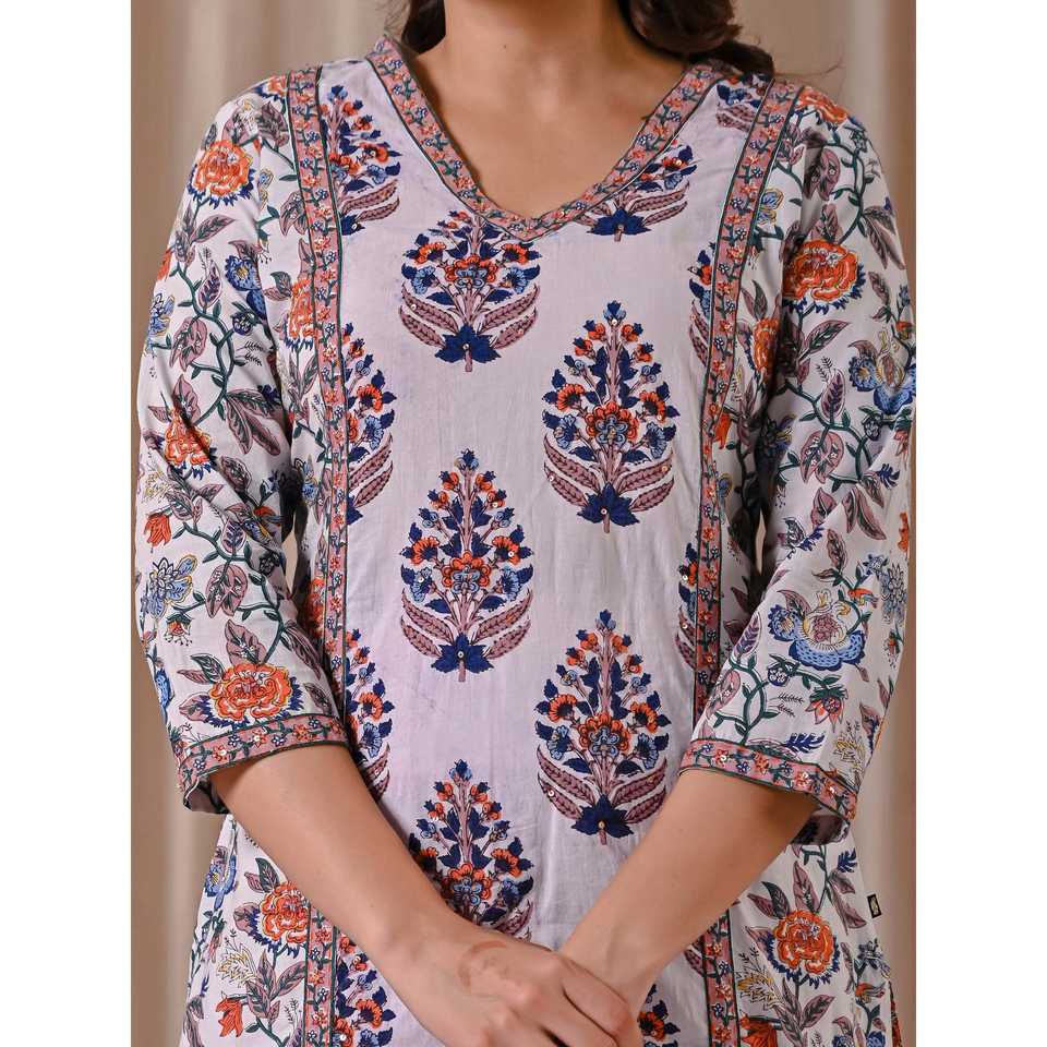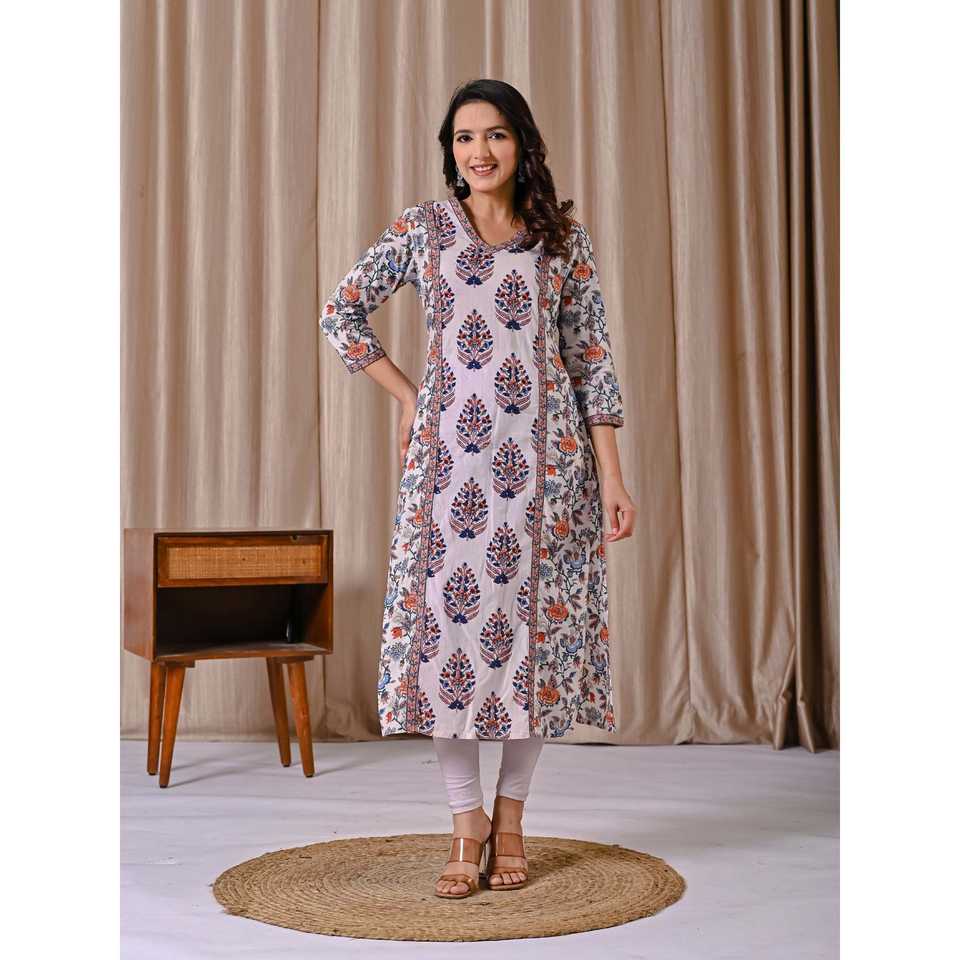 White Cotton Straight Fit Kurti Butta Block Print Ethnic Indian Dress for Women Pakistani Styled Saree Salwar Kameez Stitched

==

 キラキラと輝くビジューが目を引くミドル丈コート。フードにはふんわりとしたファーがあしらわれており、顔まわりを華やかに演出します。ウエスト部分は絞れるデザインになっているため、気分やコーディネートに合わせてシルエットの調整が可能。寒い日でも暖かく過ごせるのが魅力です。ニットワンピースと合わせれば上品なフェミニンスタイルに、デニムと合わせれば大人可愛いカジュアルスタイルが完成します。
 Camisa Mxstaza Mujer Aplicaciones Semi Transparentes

--

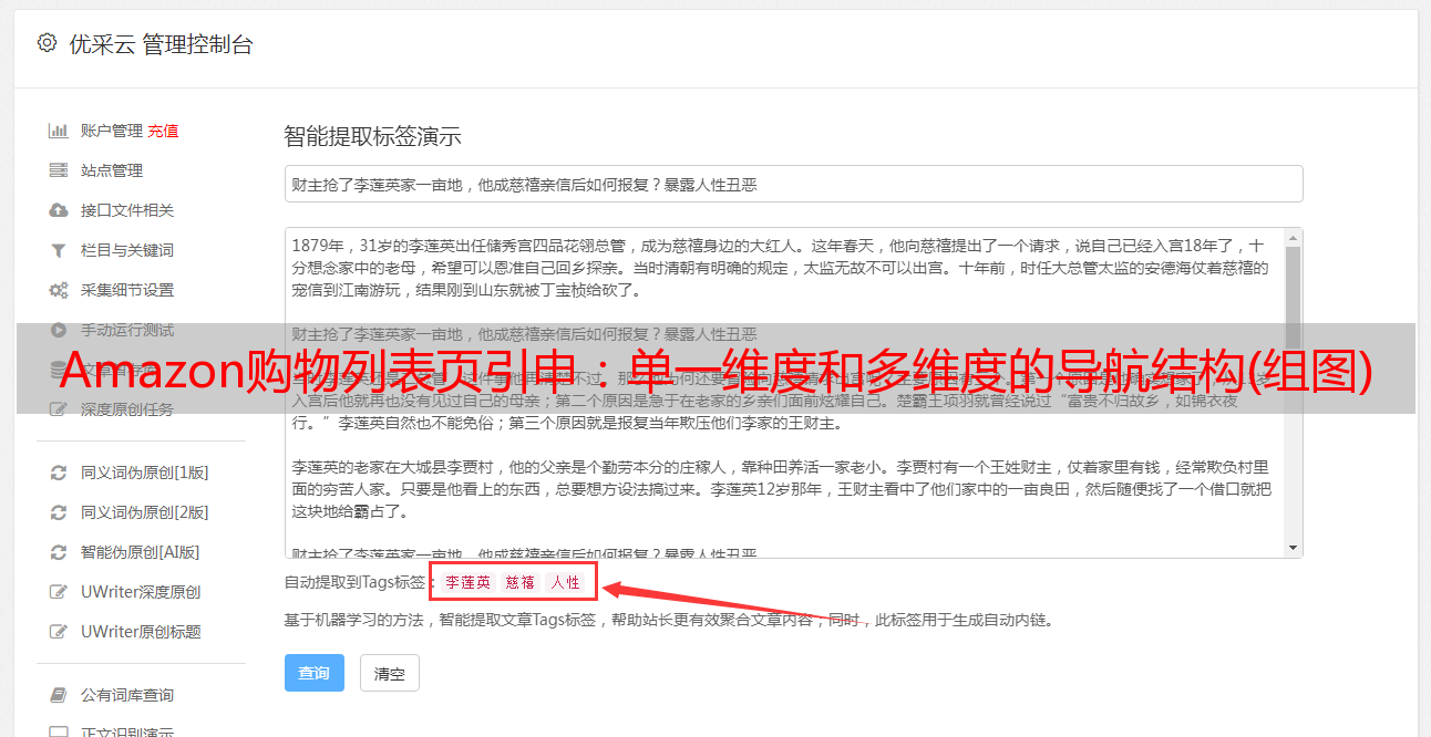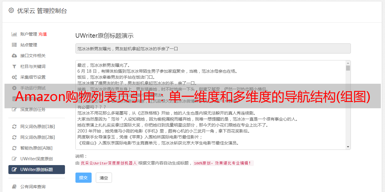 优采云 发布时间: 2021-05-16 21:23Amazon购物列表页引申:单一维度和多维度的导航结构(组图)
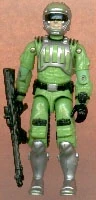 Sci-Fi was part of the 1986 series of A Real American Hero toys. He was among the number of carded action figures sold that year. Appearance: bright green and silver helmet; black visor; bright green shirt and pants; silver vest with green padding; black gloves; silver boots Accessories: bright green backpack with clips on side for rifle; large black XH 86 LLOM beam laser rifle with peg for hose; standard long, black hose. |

**YOUR OBJECTIVE**
The stretch of entries above that starts with the line containing "キラキラと輝くビジューが目を" and goes on through the line containing "Camisa Mxstaza Mujer" is to be transcribed exactly, and no other line is to be transcribed.

**TASK OUTPUT**
 キラキラと輝くビジューが目を引くミドル丈コート。フードにはふんわりとしたファーがあしらわれており、顔まわりを華やかに演出します。ウエスト部分は絞れるデザインになっているため、気分やコーディネートに合わせてシルエットの調整が可能。寒い日でも暖かく過ごせるのが魅力です。ニットワンピースと合わせれば上品なフェミニンスタイルに、デニムと合わせれば大人可愛いカジュアルスタイルが完成します。
 Camisa Mxstaza Mujer Aplicaciones Semi Transparentes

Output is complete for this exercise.